Hügelkultur literally “hill culture” in German. The process gets this name because it results in a plant bed that is a mound or like a small hill. This type of garden bed becomes self-fertilizing and naturally retains water during dry spells.
The process starts with digging a trench, or in my case clearing a raised bed. After digging out all the dirt from the raised bed, I filled it with hard wood oak logs and smaller hard wood trimmings. I used oak since I had a tree cut down recently and kept all the wood. Then more layers of other organic material were added above the wood. Often this is straw or other dead plant material from weeding. I used compost from one of my compost containers. I added some straw and other old grass clippings. The nitrogen in the compost and grass clippings will hasten the decomposition of the wood. I added other older plant trimmings from bushes on top of that. I then added a layer of green grass timings. On top of this I put all the dirt back in. Lastly, I watered this all down.

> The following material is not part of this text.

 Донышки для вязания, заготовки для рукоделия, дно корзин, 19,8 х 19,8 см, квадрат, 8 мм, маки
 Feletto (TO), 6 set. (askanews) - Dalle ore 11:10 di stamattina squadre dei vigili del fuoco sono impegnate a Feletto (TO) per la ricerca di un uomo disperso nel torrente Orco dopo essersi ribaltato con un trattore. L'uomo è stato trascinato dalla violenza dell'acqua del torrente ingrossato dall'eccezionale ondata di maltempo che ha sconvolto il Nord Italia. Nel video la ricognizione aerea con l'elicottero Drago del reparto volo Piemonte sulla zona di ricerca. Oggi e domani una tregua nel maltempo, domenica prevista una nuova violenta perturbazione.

As the wood decays it will soften and hold water. This will help the bed stay moist during times of little rain. It will reduce the amount I need to irrigate the bed. Also, the wood will begin to release nitrogen back into the dirt and restore what is lost through gardening.
So now we have a finished raised bed using the hügelkultur process. I am looking forward to testing this bed over the years to see how well it does compared to regular raised beds.